▸ **Problem to solve**
What you return should be only the lines in the entries below between the one holding "VF系列及其派生系列電動(d" and the one holding "The case is comprised", ends included, with every picture left out.

▸ **Provided data**

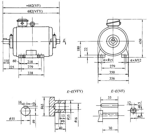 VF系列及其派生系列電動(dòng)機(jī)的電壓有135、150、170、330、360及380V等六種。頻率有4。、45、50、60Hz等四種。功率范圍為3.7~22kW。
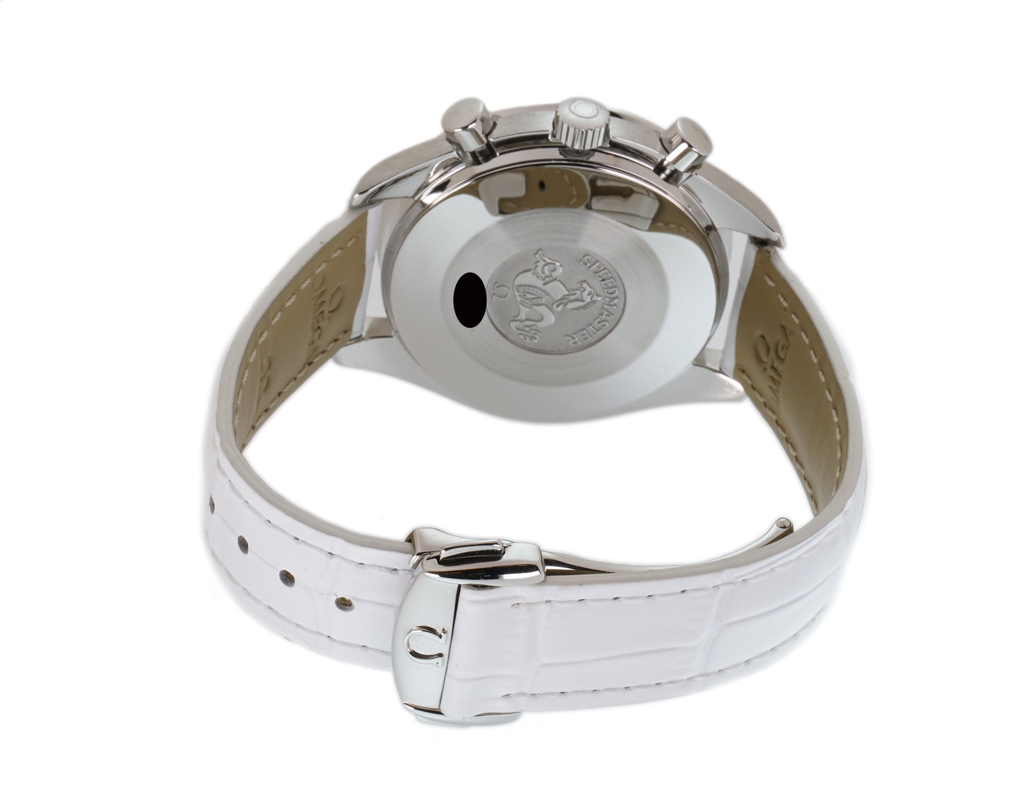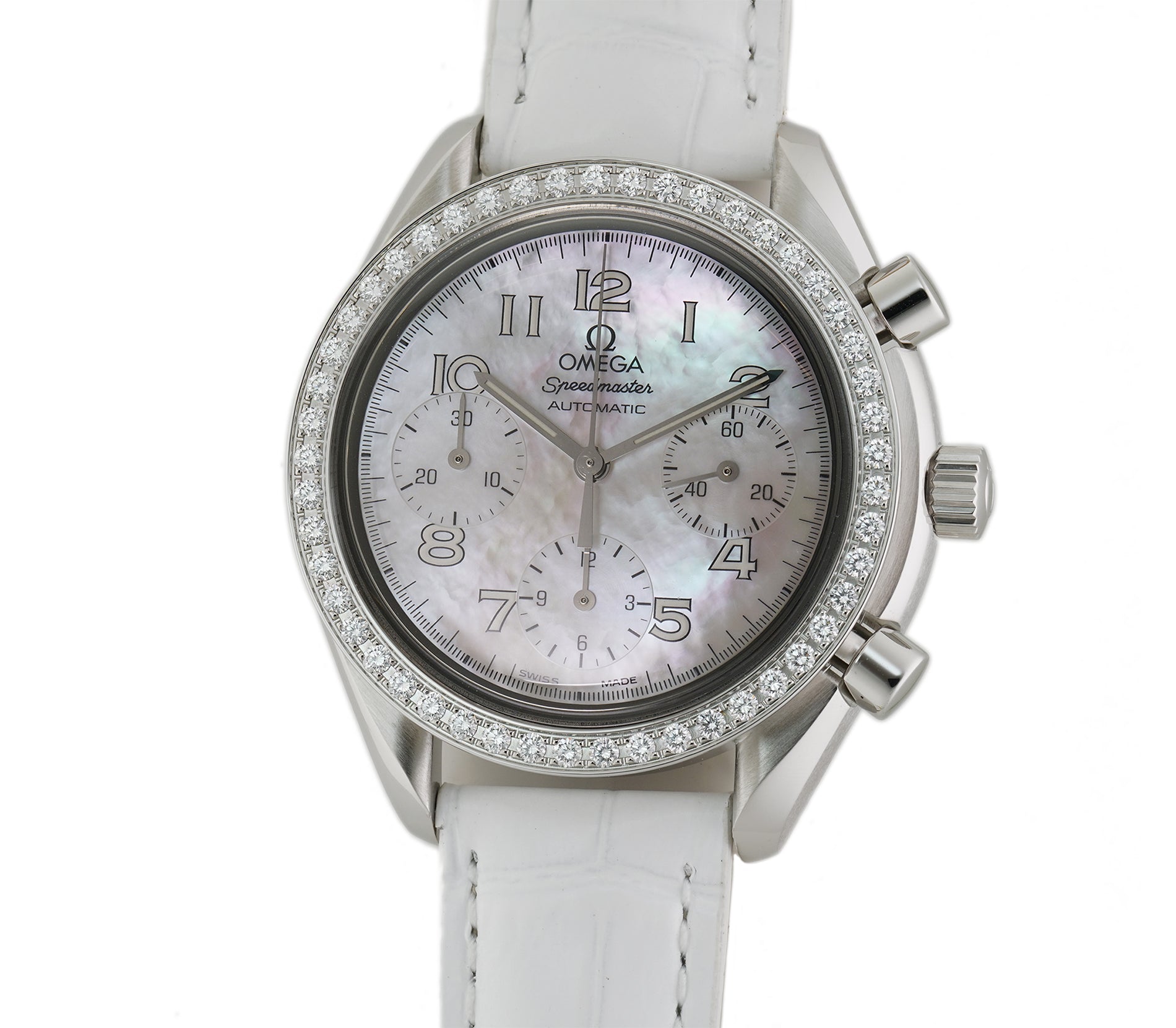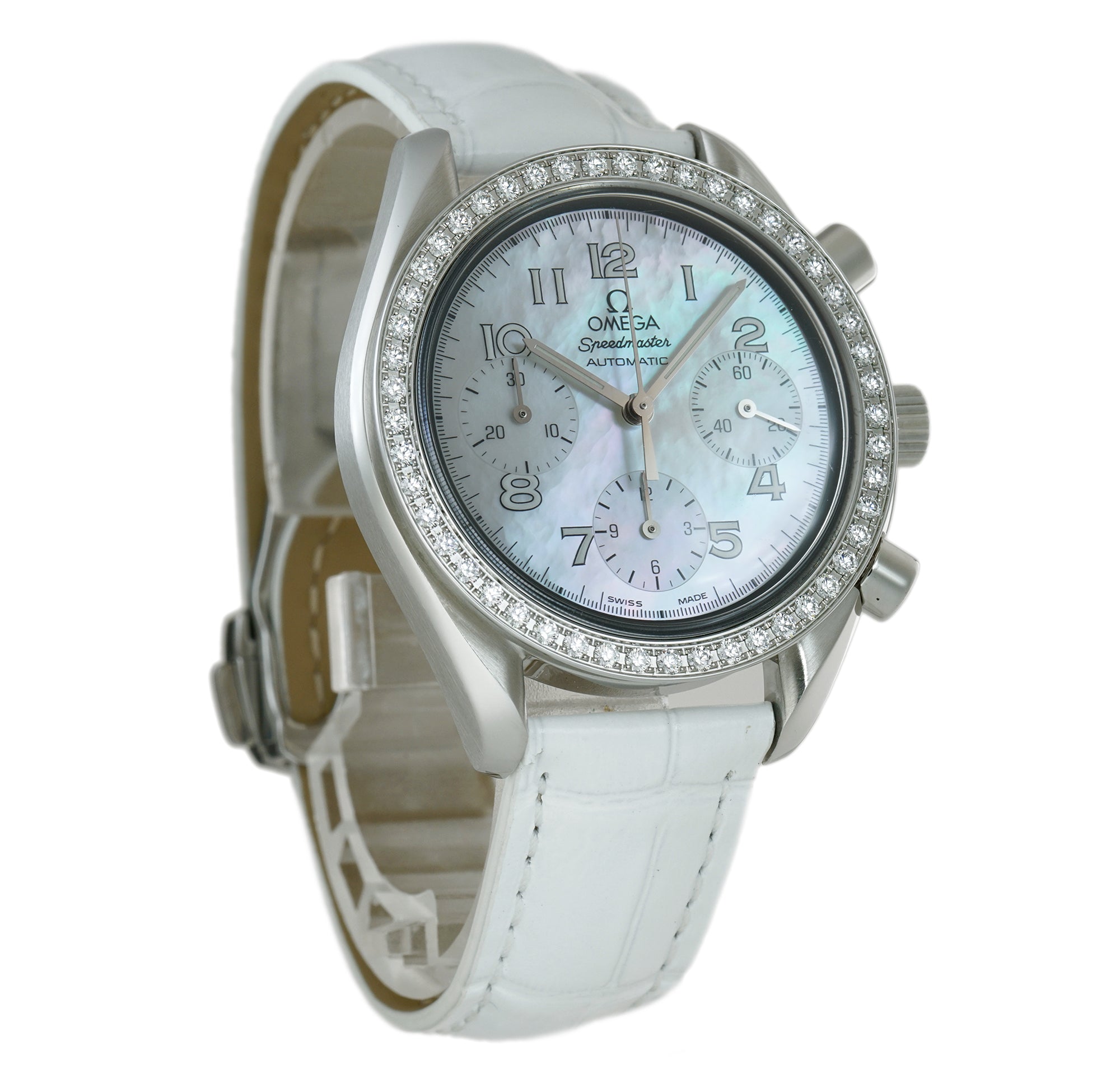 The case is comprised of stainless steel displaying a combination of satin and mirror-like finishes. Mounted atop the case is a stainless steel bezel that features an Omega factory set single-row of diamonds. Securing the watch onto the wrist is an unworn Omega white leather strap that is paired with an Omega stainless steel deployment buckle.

* * *

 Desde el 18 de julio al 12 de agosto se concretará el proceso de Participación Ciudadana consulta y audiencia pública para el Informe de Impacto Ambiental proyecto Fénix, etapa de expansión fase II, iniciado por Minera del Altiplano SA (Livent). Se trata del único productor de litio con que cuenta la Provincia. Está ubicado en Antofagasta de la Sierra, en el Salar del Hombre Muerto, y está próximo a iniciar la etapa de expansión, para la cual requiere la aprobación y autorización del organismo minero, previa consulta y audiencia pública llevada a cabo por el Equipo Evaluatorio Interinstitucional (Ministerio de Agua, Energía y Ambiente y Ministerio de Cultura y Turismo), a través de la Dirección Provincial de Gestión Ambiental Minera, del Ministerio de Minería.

▸ **Answer area**
 VF系列及其派生系列電動(dòng)機(jī)的電壓有135、150、170、330、360及380V等六種。頻率有4。、45、50、60Hz等四種。功率范圍為3.7~22kW。
 The case is comprised of stainless steel displaying a combination of satin and mirror-like finishes. Mounted atop the case is a stainless steel bezel that features an Omega factory set single-row of diamonds. Securing the watch onto the wrist is an unworn Omega white leather strap that is paired with an Omega stainless steel deployment buckle.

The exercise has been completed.